0
votes

I have a content page that uses an esi:include tag to include a module, so let's say

/content.html

contains

<esi:include src="/_esi/module.html">

Both urls send cache-conttrol headers in their response. For /content.html it's

Cache-Control: public, max-age=86400

and for /_esi/module.html it's

Cache-Control:public, max-age=3600

When I load /content.html I can see I am getting a cached response from varnish, and the module.html markup is included appropriately, however, when I change module.html and ban it like: ban req.url == /_esi/module.html or even if I make that ban broader: ban req.url ~ _esi the page in my browser still doesn't change.

I can't seem to find much about this in the varnish documentation. Am I able to explicitly invalidate the included content (i.e. the fragment that comes from the ESI url) or do I have to wait for it to expire?

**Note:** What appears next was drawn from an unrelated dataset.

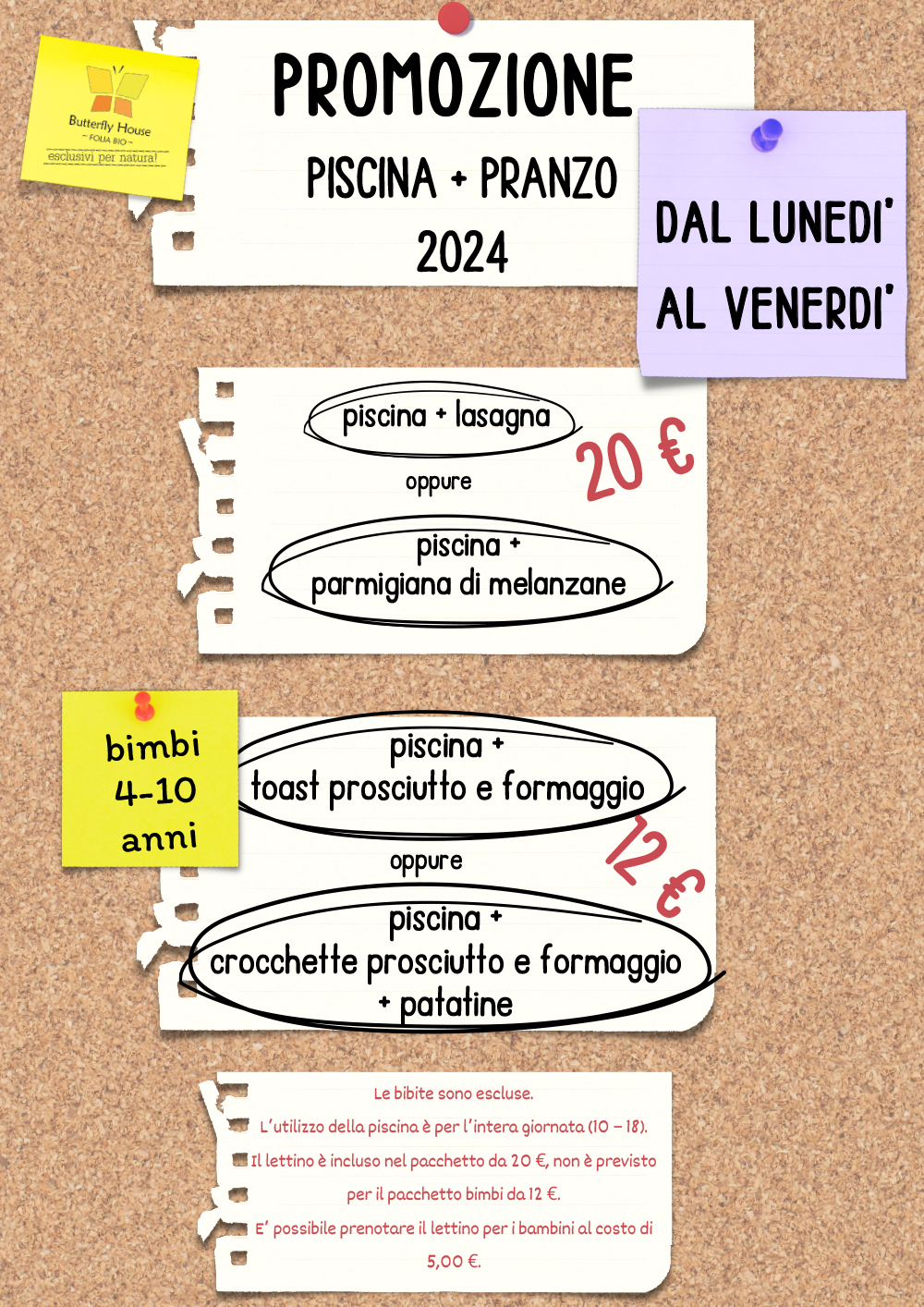 Il lettino è incluso nel pacchetto da 20 €, non è previsto per il pacchetto bimbi da 12 €.
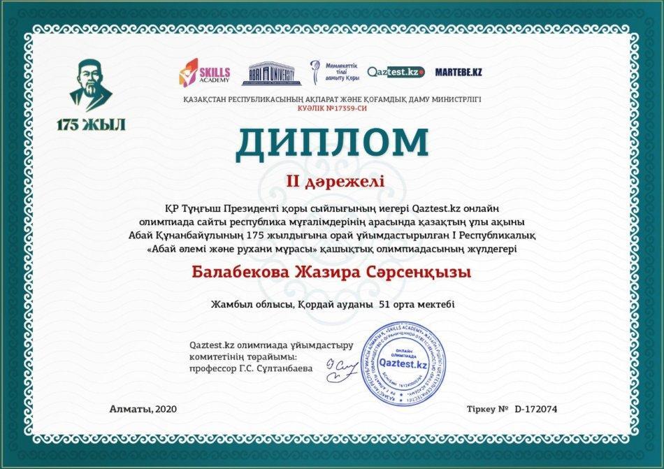ҚР Тұңғыш Президенті қоры сыйлығының иегері Qaztest.kz онлайн олимпиада сайты Республика мұғалімдерінің арасында қазақтың ұлы ақыны Абай Құнанбайұлының 175 жылдығына орай ұйымдастырылған І Республикалық "Абай әлемі және рухани мұрасы" қашықтық олимпиадасының жүлдегері №51 ОМ ұстазы Балабекова Жазира Сәрсенқызы ІІ дәрежелі дипломмен марапатталды.

I also tried implementing and using PURGE to achieve this, but I still cannot seem to get fresh content from that include.

1

1 Answers

2
votes

Varnish ESI will stitch together the final version of the page on delivery.

If an object is missing, it will send what it has to the client and then wait for a fetch to finish before continuing. If the newly fetched object is also an ESI object and has an include, this leads to another fetch and so on. Includes are handled depth first.

Any object that is ESI-included exists as a regular object in the cache, and can be purged/banned/invalidated like any other object.

As far as what you are seeing, my guess would be that your browser cache is interfering. Try reproducing it on the command line with curl, httpie or lwp-request.